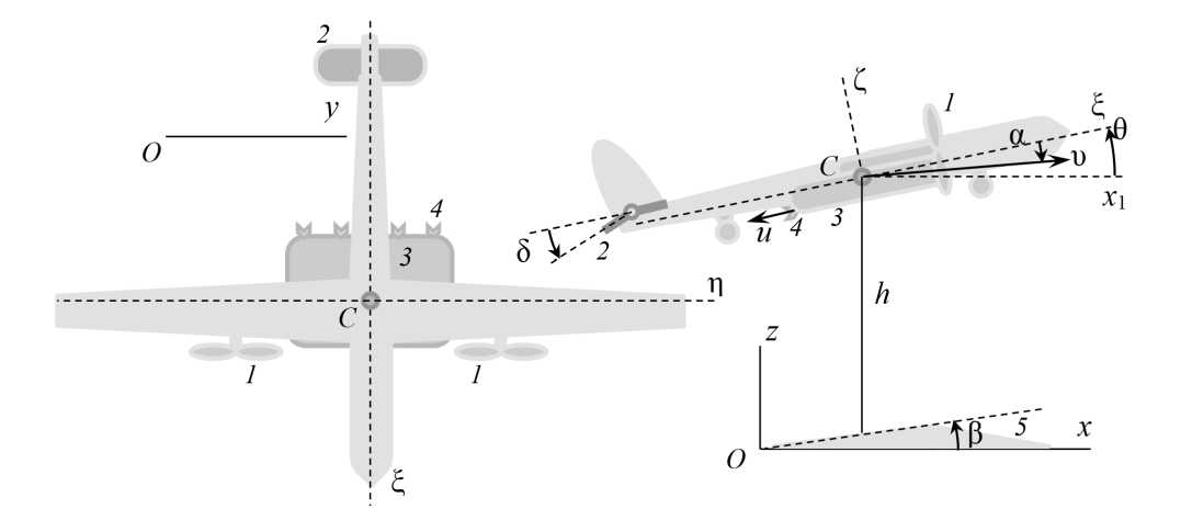 Примечание: Oxyz – неподвижная ортогональная система декартовых координат с началом O на уровне моря, горизонтальными осями Ox , Oy и вертикальной осью Oz , направленной вверх; C ξηζ – связанная с малым беспилотным летательным аппаратом ортогональная система декартовых координат с началом C в центре масс малого беспилотного летательного аппарата, осью C ξ, совпадающей с главной продольной осью инерции малого беспилотного летательного аппарата, перпендикулярной ей осью C ζ в плоскости симметрии малого беспилотного летательного апарата и перпендикулярной обеим этим осям осью C η; Cx 1 – подвижная горизонтальная ось, параллельная оси Ox ; x , z – координаты центра масс малого беспилотного летательного аппарата (точки C ) в неподвижной системе координат по осям Ox , Oz , м; β – угол наклона средней прямой линии профиля поля в продольной вертикальной плоскости, рад; υ ‒ величина скорости центра масс малого беспилотного летательного аппарата, м/с; α – угол атаки, образуемый продольной осью C ξ и вектором υ или проекцией вектора υ на плоскость симметрии малого беспилотного летательного аппарата, рад; h – высота полета над полем, м; δ – угол поворота руля высоты с отсчетом от нулевого положения, рад; u ‒ величина скорости частиц вещества, распыляемого при обработке поля, относительно корпуса малого беспилотного летательного аппарата в направлении, противоположном направлению продольной оси C ξ ( u > 0), м/с;
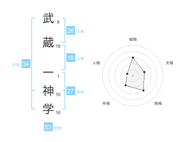 武蔵 一神学さんを姓名の画数から五運を鑑定
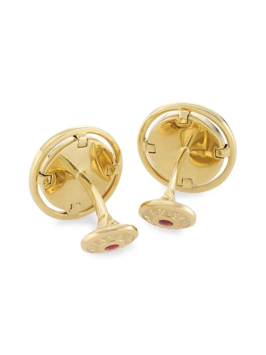 Yellow and white gold cufflinks with apollo, greek antiquated coin. american closing whit logo and two rubies.

* [Work task] Restate word for word the lines above that start at the line containing "武蔵 一神学さんを姓名の画数から五運を鑑定" and run to the end of the listing; exclude the pictures.

* [Output for this task]
 武蔵 一神学さんを姓名の画数から五運を鑑定
 Yellow and white gold cufflinks with apollo, greek antiquated coin. american closing whit logo and two rubies.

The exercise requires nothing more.